> **Dataset items**
*** Block opens ***

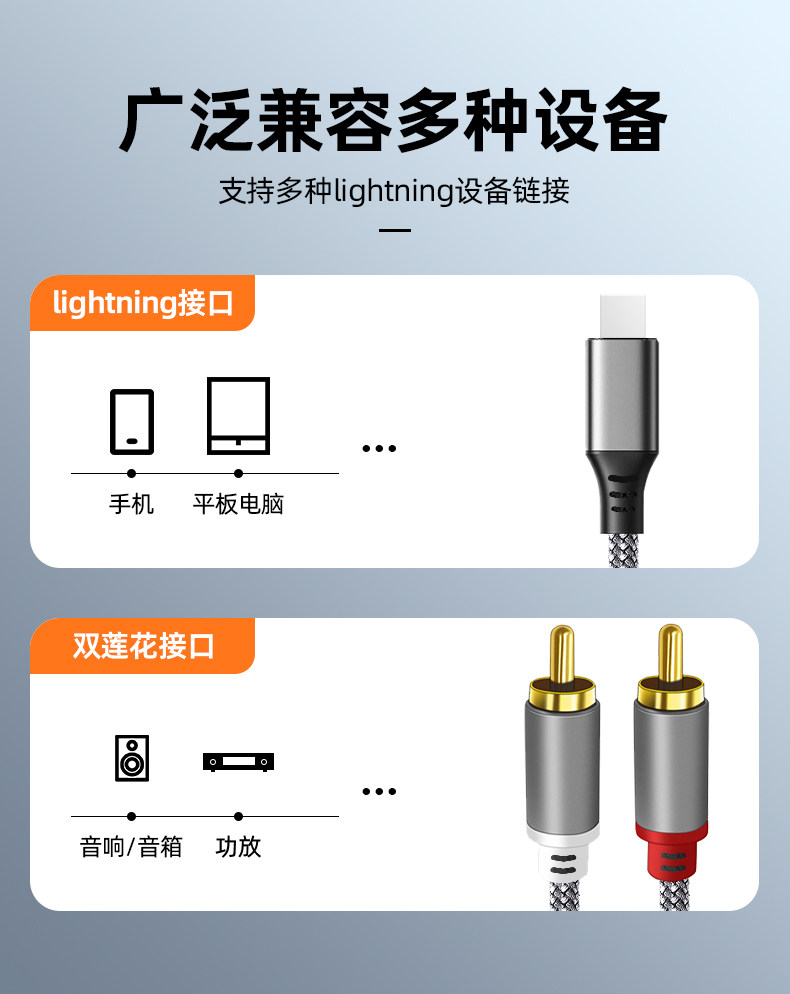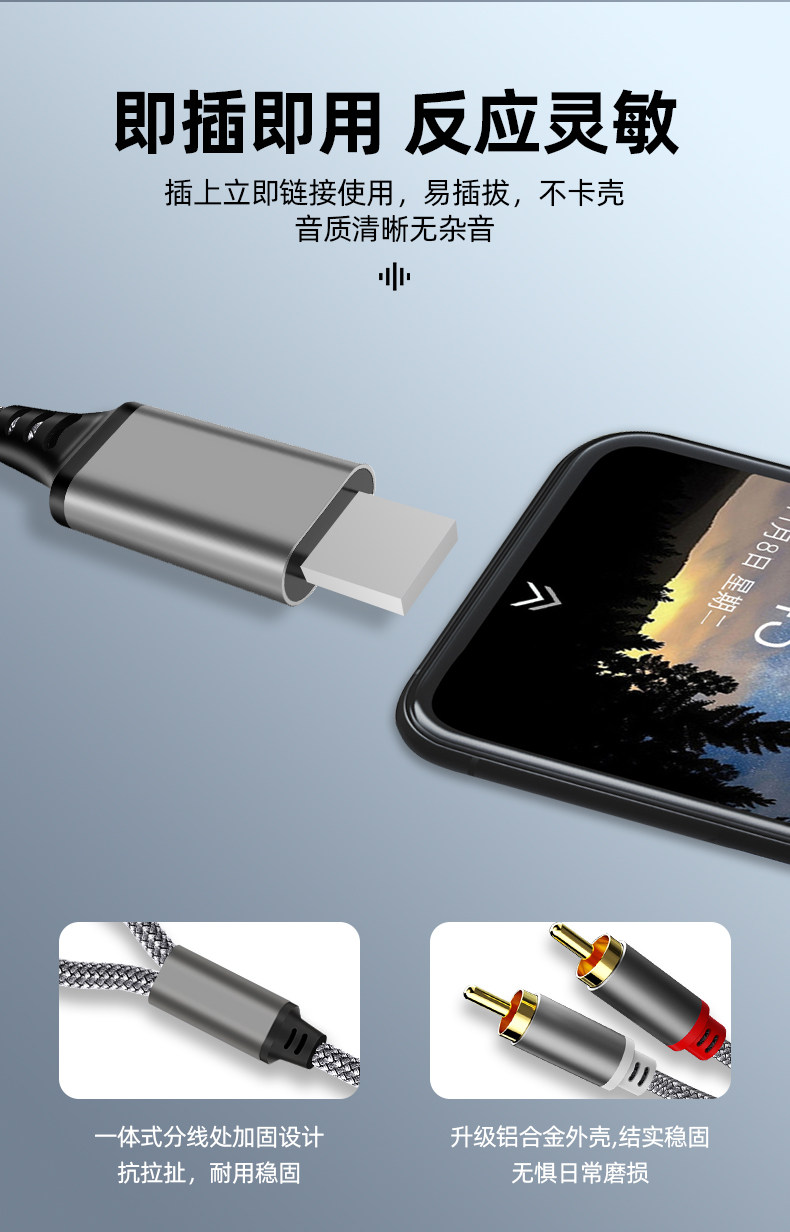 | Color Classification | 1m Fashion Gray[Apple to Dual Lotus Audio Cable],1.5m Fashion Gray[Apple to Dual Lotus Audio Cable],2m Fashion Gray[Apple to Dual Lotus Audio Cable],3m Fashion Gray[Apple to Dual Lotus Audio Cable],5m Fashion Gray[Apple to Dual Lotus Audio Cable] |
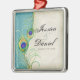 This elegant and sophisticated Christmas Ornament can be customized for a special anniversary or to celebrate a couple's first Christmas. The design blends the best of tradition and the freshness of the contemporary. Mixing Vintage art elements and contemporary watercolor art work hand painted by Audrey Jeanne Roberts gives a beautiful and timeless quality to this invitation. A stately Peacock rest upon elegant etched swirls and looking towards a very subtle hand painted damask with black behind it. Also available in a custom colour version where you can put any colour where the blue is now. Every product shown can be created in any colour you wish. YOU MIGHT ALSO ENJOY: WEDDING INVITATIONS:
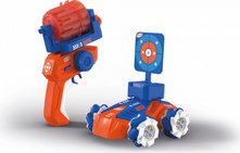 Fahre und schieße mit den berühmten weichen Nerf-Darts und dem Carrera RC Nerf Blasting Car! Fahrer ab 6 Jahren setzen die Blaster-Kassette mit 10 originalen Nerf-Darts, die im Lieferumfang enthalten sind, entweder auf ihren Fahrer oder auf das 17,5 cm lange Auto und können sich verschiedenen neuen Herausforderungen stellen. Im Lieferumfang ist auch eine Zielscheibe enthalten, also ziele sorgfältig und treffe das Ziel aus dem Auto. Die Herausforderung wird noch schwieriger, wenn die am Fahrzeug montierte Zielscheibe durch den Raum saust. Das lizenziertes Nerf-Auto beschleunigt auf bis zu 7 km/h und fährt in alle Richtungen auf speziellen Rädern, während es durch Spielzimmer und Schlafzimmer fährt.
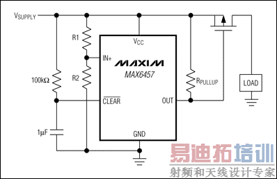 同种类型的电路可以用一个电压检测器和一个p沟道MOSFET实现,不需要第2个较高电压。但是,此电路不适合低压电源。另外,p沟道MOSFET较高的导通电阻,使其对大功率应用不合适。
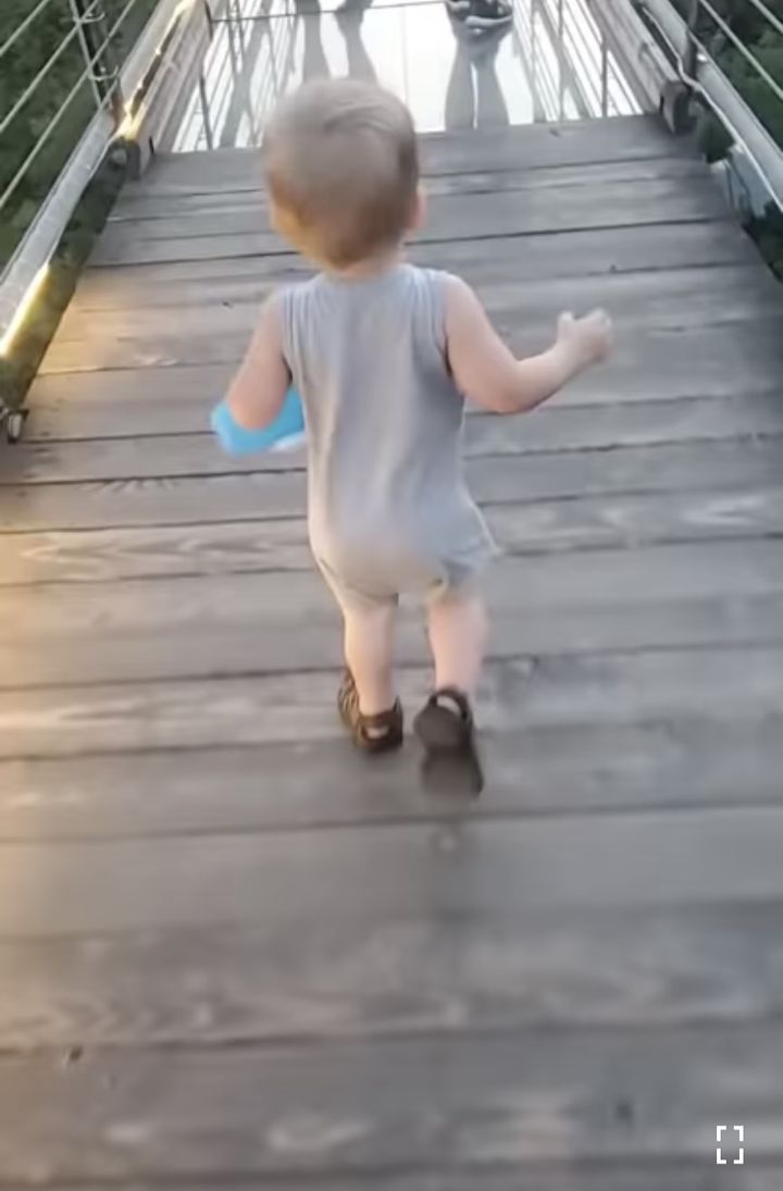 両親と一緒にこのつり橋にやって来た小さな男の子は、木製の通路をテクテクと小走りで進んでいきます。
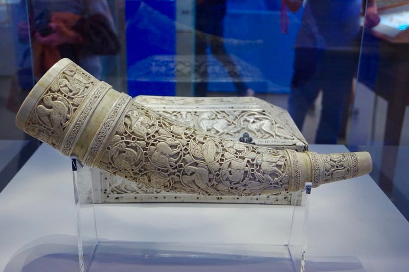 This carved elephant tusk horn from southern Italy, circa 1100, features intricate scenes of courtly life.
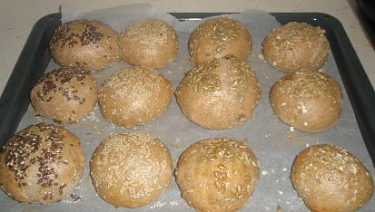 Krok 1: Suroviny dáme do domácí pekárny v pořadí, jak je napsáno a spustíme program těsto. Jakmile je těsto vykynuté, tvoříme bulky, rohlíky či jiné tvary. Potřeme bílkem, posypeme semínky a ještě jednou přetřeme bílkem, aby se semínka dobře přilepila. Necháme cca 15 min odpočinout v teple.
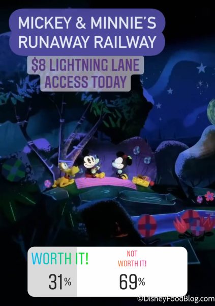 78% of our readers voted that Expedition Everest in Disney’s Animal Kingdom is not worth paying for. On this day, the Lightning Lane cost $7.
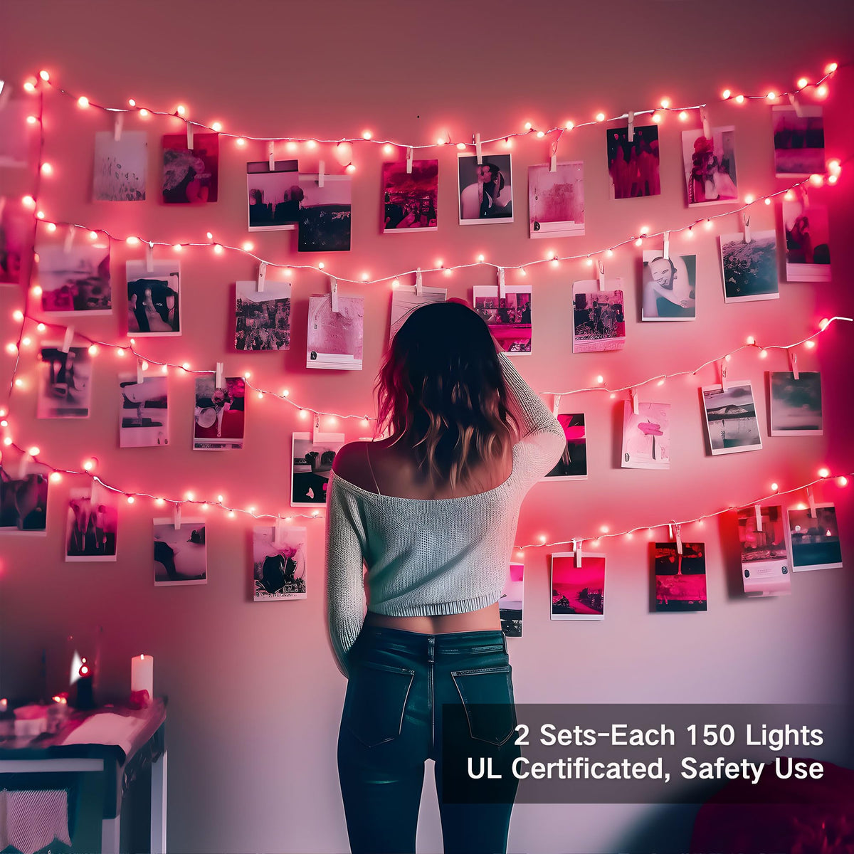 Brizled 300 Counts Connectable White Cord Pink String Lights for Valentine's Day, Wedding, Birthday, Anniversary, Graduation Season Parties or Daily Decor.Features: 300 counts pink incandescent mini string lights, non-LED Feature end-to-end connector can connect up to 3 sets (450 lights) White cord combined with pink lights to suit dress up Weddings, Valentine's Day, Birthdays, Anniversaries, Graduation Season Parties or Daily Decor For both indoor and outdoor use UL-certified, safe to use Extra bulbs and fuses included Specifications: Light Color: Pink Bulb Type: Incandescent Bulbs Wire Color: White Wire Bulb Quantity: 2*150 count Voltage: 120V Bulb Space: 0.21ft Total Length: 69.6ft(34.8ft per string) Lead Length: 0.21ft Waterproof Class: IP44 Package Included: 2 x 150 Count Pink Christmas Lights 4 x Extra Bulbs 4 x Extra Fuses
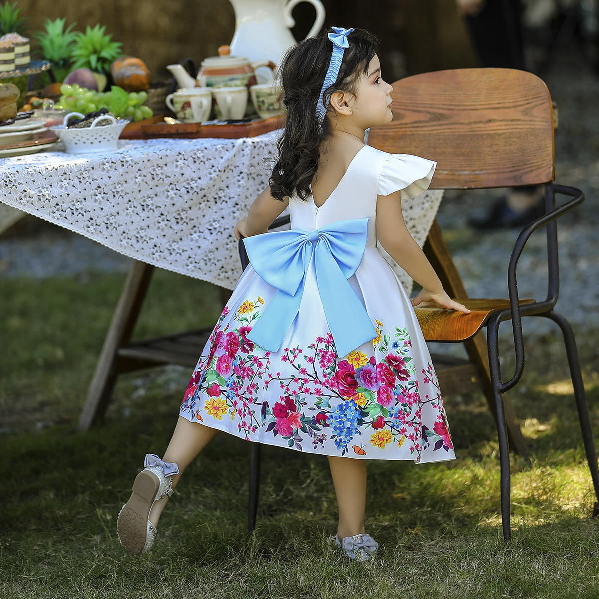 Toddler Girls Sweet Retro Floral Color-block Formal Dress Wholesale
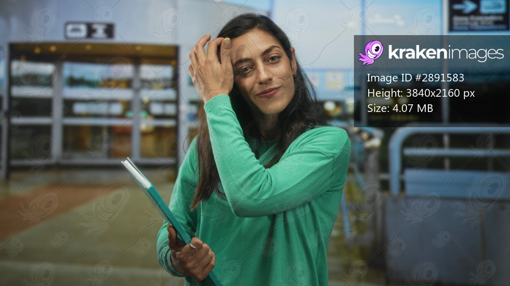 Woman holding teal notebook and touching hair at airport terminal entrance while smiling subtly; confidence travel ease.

*** Block closes ***

> **Description of the task**
The data above holds the lines to copy: start at the one with "Fahre und schieße", stop at the one with "This carved elephant", include both, copy them exactly without pictures, and copy nothing else.

> **Answer section**
 Fahre und schieße mit den berühmten weichen Nerf-Darts und dem Carrera RC Nerf Blasting Car! Fahrer ab 6 Jahren setzen die Blaster-Kassette mit 10 originalen Nerf-Darts, die im Lieferumfang enthalten sind, entweder auf ihren Fahrer oder auf das 17,5 cm lange Auto und können sich verschiedenen neuen Herausforderungen stellen. Im Lieferumfang ist auch eine Zielscheibe enthalten, also ziele sorgfältig und treffe das Ziel aus dem Auto. Die Herausforderung wird noch schwieriger, wenn die am Fahrzeug montierte Zielscheibe durch den Raum saust. Das lizenziertes Nerf-Auto beschleunigt auf bis zu 7 km/h und fährt in alle Richtungen auf speziellen Rädern, während es durch Spielzimmer und Schlafzimmer fährt.
 同种类型的电路可以用一个电压检测器和一个p沟道MOSFET实现,不需要第2个较高电压。但是,此电路不适合低压电源。另外,p沟道MOSFET较高的导通电阻,使其对大功率应用不合适。
 両親と一緒にこのつり橋にやって来た小さな男の子は、木製の通路をテクテクと小走りで進んでいきます。
 This carved elephant tusk horn from southern Italy, circa 1100, features intricate scenes of courtly life.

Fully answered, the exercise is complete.